Eind vorig jaar werd in Amsterdam met veel fanfare een nieuwe standaard op het gebied van consumentenelektronica gepresenteerd: Matter. Deze is ontwikkeld door de CSA – Connectivity Standards Alliance (onder andere ook van de Zigbee-standaard). Veel grote maar ook kleine partijen (driehonderd in totaal) zijn lid van deze organisatie op diverse niveaus.

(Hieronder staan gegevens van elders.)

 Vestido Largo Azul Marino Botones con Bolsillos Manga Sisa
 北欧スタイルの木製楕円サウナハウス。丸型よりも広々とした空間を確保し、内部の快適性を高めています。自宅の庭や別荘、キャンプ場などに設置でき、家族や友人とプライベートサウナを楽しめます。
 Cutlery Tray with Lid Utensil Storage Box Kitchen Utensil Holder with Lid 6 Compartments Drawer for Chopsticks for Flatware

Matter wil de nieuwe standaard zijn die thuisapparatuur simpel, veilig en interoperabel maakt. Een device dat Matter-gecertificeerd is, kan praten met andere Matter-apparaten en door middel van een bridge kunnen oudere apparaten ook gekoppeld worden. Software-updates in tv’s en smart speakers zorgen voor extra Matter-connectiviteit.
Doet Matter ertoe?
De vraag is natuurlijk of dit belangrijk is? In goed Engels: does Matter matter? Standaarden, zo is de algemene mening, zijn belangrijk, dat staat als een paal boven water. De nieuwe standaard voor bijvoorbeeld het opladen van je mobiele telefoon is zelfs zo belangrijk dat de Europese Commissie zich er mee heeft bemoeid. Het wordt makkelijker voor de consument als er een oplader is voor mobiele devices en daarnaast scheelt het veel elektronisch afval.
Maar de uitdaging is vaak: welke standaard dan? Een veel gehoorde opmerking luidt dat een standaard is als een tandenborstel: iedereen snapt dat je het nodig hebt maar iedereen wil zijn eigen standaard gebruiken.

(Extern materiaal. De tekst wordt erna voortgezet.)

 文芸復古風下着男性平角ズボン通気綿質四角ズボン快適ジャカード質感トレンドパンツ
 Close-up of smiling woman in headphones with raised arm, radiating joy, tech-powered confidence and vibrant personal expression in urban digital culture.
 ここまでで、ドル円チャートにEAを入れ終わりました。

Vandaar dat de Matter-standaard wel een bijzondere prestatie is want aan deze standaard hebben veel grote spelers meegedaan op allerlei niveaus: van chip tot apparatuur tot softwareniveau. Het zijn niet de minste partijen: Amazon, Apple, LG, Google, Samsung, Signify, Ikea om er een paar te noemen.
Water bij de wijn
Het ontwikkelen van een standaard is geen simpele taak. Iedere deelnemer zit daar met een opdracht: het zo veel mogelijk binnenslepen van voor zijn of haar organisatie belangrijke punten. Zeker als partijen elkaar concurrent zijn, is een dergelijke samenwerking een uitdaging. Toch is het gelukt, maar ook in de presentatie op Matter’s Global Media Conference in Amsterdam kwam naar voren dat het geen gemakkelijke uitdaging was. Iedereen die wel eens in een standaardisatie-commissie heeft gezeten zal dit beamen.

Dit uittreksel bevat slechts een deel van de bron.